● **WHAT YOU SHOULD DO**
Word for word, copy the records and drop the pictures.

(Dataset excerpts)
###
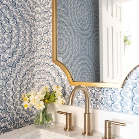 Paint is the least expensive design element. And again, you can do it yourself to help with the budget. Consider a neutral color with an accent wall in a contrasting paint color or wallpaper. Speaking of wallpaper, it has made a comeback. Wallpaper your powder room. It is the one time your guests are alone in your home and a wallpaper can make a really great statement!
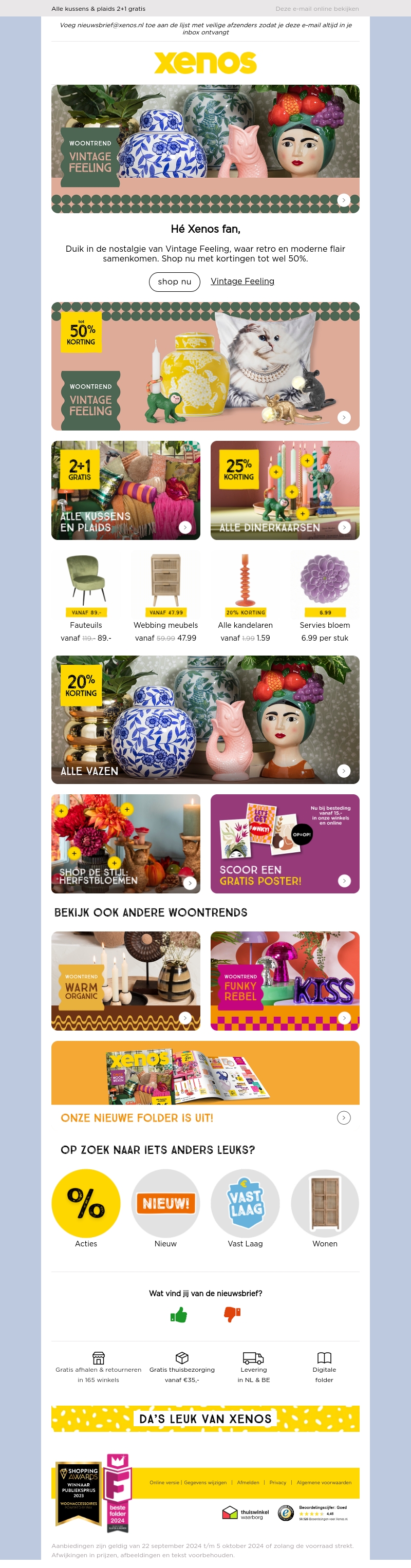 Hé Xenos fan, duik in de nostalgie van Vintage Feeling waar retro en moderne flair samenkomen. Profiteer van kortingen tot wel 50% op diverse woonaccessoires, meubels en meer. Bekijk ook andere woontrends zoals Warm Organic en Funky Rebel. Mis deze kans niet en verfraai je huis met stijl.
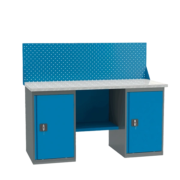 - Верстак укомплектован двумя металлическими тумбами, каждая из которых оснащена двумя переставными полками с шагом регулировки 39 мм.
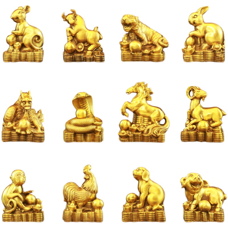 速发牛铜十二合肖摆件全套鼠牛鸡兔狗猪虎纯龙蛇马羊三生招財装饰
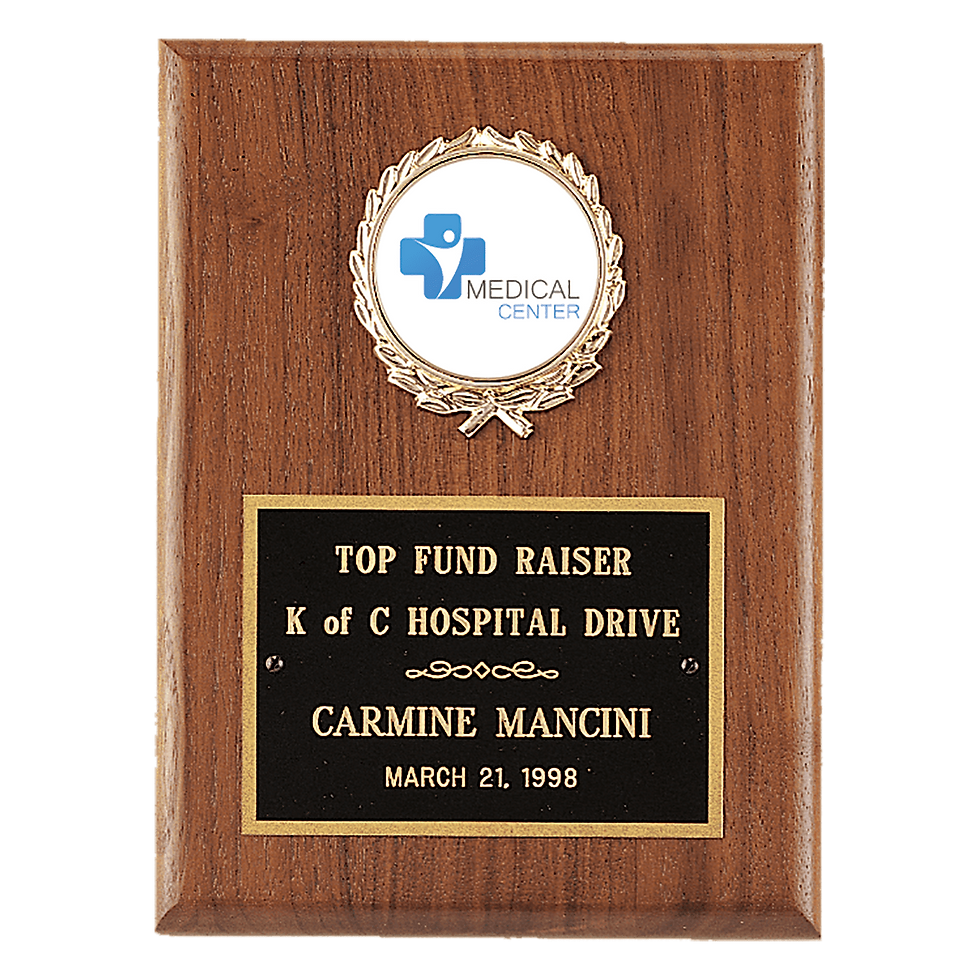 6" x 8" American Walnut Plaque with Gold Border Black Laserable Brass Plate and
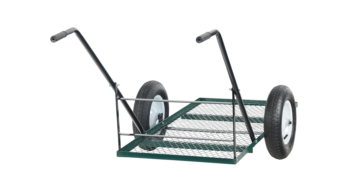 Transport plants, flowers, trees, shrubs, rocks, and similar materials or parts with this landscape, nursery & agriculture cart. The cart is rugged and easy to maneuver with their large pneumatic tires. This cart has mesh sides and bottoms to allow dirt, small rocks, and water to drain through.
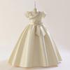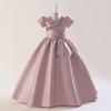 Satin Bow Party Girls Dress Elegant Short Sleeve Pink Bridemaids Princess Kids Dress for Girl Evening Birthday Prom Gown Vestido
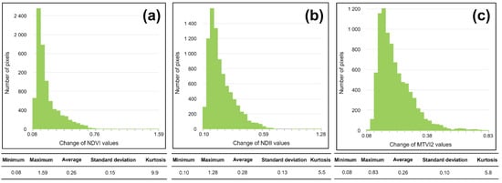 Histograms of dependent variables: (a) Change of NDVI values; (b) Change of NDII values; (c) Change of MTVI2 values.
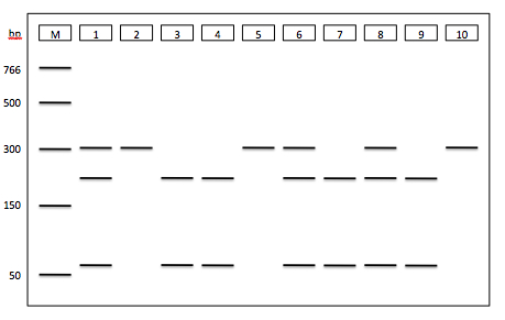 2. A section of the TAS2R38 gene (spanning the SNP at position 785) was amplified by PCR using DNA from 10 individuals as templates. The PCR products were digested with Fnu4H1 and the digested PCR products were separated by agarose gel electrophoresis. Use the results from the gel below to answer the following questions (2 and 3).
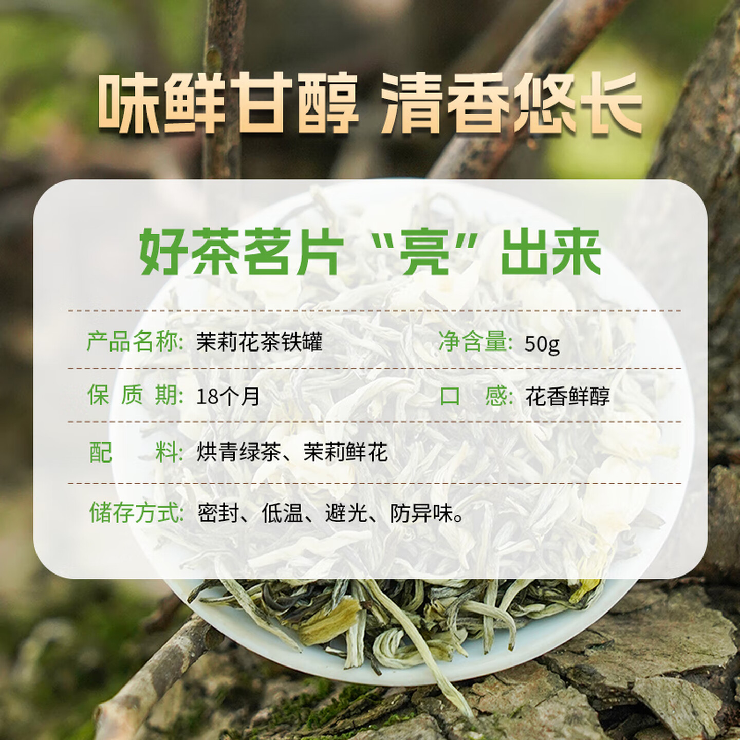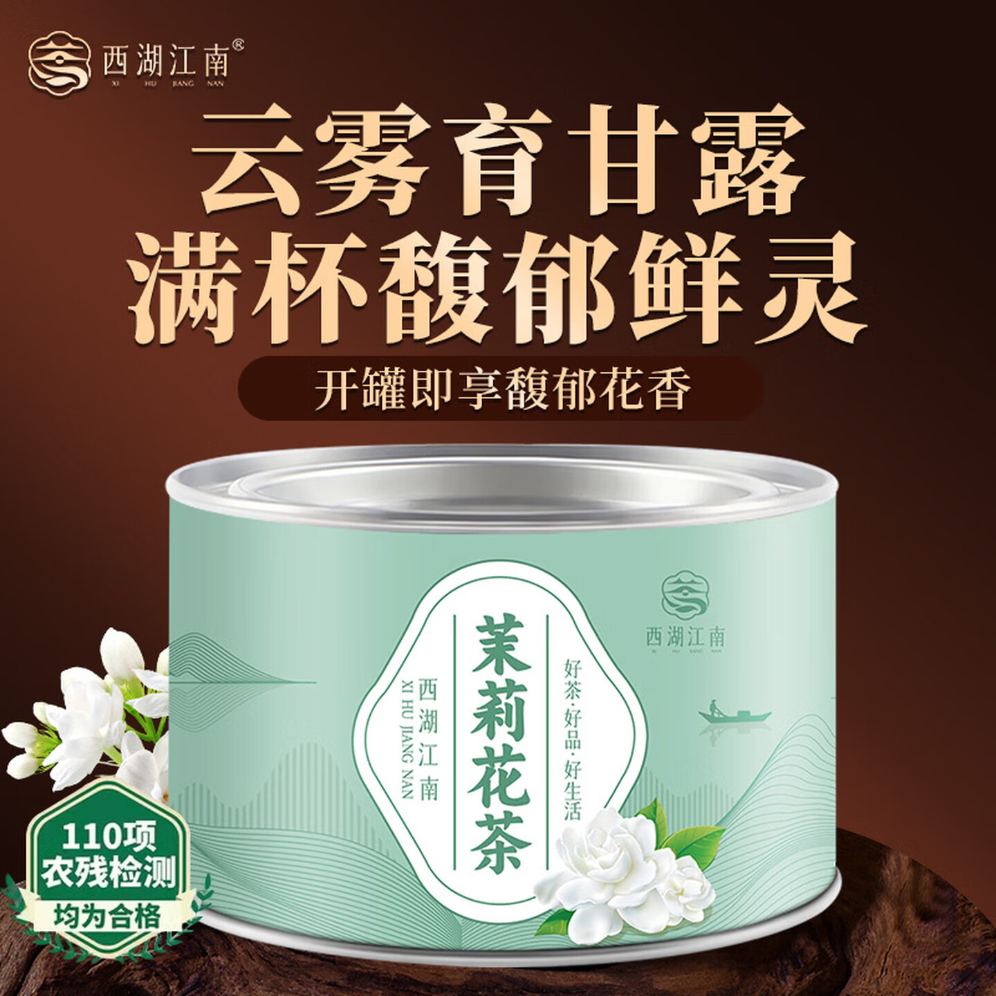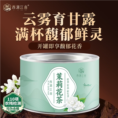 西湖江南茶叶茉莉花草茶浓香型小罐装50g |
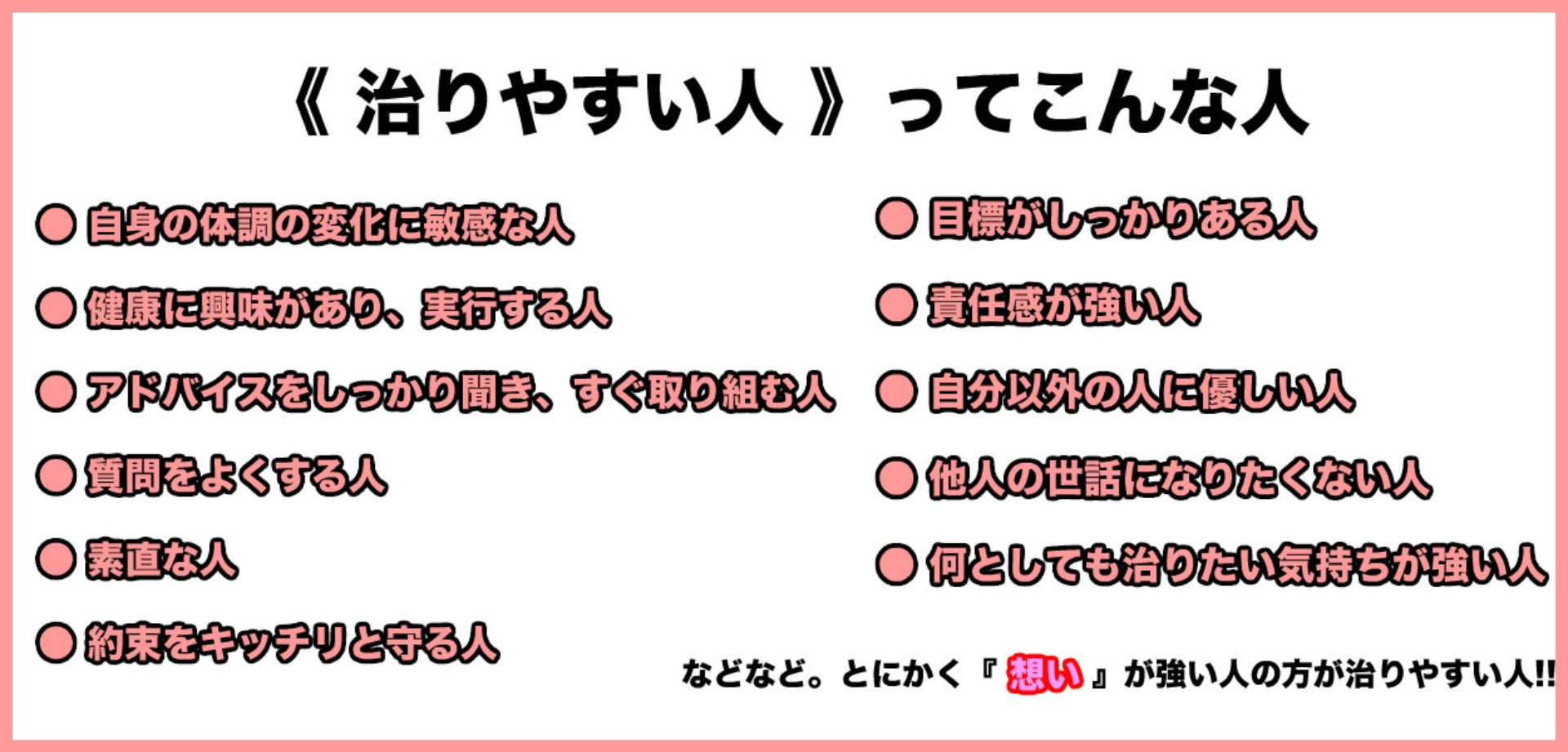 私は、接骨業界に約20年身を置いてきました。その20年という月日の中で、どんな人が治りやすい人で、どんな人治りにくい人なのか?が初診の時点で判断できるようになりました。
###
● **SOLUTION**
 Paint is the least expensive design element. And again, you can do it yourself to help with the budget. Consider a neutral color with an accent wall in a contrasting paint color or wallpaper. Speaking of wallpaper, it has made a comeback. Wallpaper your powder room. It is the one time your guests are alone in your home and a wallpaper can make a really great statement!
 Hé Xenos fan, duik in de nostalgie van Vintage Feeling waar retro en moderne flair samenkomen. Profiteer van kortingen tot wel 50% op diverse woonaccessoires, meubels en meer. Bekijk ook andere woontrends zoals Warm Organic en Funky Rebel. Mis deze kans niet en verfraai je huis met stijl.
 - Верстак укомплектован двумя металлическими тумбами, каждая из которых оснащена двумя переставными полками с шагом регулировки 39 мм.
 速发牛铜十二合肖摆件全套鼠牛鸡兔狗猪虎纯龙蛇马羊三生招財装饰
 6" x 8" American Walnut Plaque with Gold Border Black Laserable Brass Plate and
 Transport plants, flowers, trees, shrubs, rocks, and similar materials or parts with this landscape, nursery & agriculture cart. The cart is rugged and easy to maneuver with their large pneumatic tires. This cart has mesh sides and bottoms to allow dirt, small rocks, and water to drain through.
 Satin Bow Party Girls Dress Elegant Short Sleeve Pink Bridemaids Princess Kids Dress for Girl Evening Birthday Prom Gown Vestido
 Histograms of dependent variables: (a) Change of NDVI values; (b) Change of NDII values; (c) Change of MTVI2 values.
 2. A section of the TAS2R38 gene (spanning the SNP at position 785) was amplified by PCR using DNA from 10 individuals as templates. The PCR products were digested with Fnu4H1 and the digested PCR products were separated by agarose gel electrophoresis. Use the results from the gel below to answer the following questions (2 and 3).
 西湖江南茶叶茉莉花草茶浓香型小罐装50g |
 私は、接骨業界に約20年身を置いてきました。その20年という月日の中で、どんな人が治りやすい人で、どんな人治りにくい人なのか?が初診の時点で判断できるようになりました。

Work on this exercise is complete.